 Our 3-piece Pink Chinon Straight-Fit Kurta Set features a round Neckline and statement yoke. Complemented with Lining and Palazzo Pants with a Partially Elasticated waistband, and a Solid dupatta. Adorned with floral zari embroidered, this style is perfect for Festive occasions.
◆ ◆ ◆
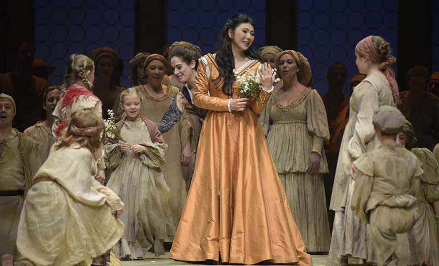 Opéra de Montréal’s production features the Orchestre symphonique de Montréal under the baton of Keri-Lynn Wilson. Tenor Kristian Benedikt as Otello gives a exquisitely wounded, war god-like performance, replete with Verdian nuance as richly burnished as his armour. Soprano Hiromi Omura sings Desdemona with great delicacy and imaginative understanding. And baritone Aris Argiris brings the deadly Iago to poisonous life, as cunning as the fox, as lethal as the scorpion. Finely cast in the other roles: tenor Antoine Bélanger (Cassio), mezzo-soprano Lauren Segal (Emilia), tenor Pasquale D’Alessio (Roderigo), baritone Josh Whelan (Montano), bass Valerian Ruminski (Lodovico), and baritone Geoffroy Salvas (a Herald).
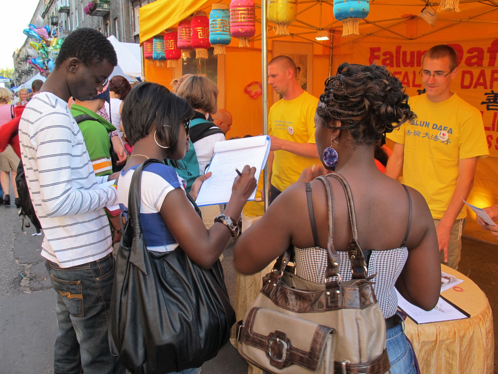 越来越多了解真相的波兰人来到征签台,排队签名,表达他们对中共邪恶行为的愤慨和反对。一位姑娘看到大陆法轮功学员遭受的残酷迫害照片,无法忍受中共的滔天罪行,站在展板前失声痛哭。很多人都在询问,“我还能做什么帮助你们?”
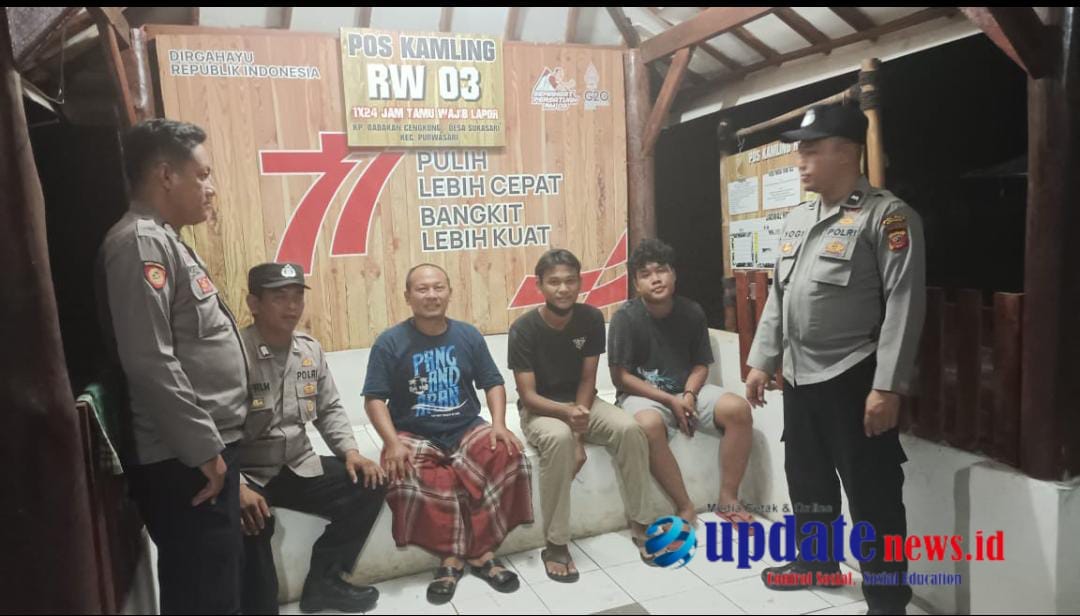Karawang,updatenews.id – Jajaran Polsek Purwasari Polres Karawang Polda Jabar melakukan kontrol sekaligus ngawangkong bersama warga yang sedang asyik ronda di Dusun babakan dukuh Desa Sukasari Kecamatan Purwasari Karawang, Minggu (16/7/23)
◆ ◆ ◆
_Required action_.
Within the listing above, copy exactly the lines that start at the one with "越来越多了解真相的波兰人来到" and continue through the one with "Karawang,updatenews.id – Jajaran". Omit pictures.

_Solved problem_.
 越来越多了解真相的波兰人来到征签台,排队签名,表达他们对中共邪恶行为的愤慨和反对。一位姑娘看到大陆法轮功学员遭受的残酷迫害照片,无法忍受中共的滔天罪行,站在展板前失声痛哭。很多人都在询问,“我还能做什么帮助你们?”
Karawang,updatenews.id – Jajaran Polsek Purwasari Polres Karawang Polda Jabar melakukan kontrol sekaligus ngawangkong bersama warga yang sedang asyik ronda di Dusun babakan dukuh Desa Sukasari Kecamatan Purwasari Karawang, Minggu (16/7/23)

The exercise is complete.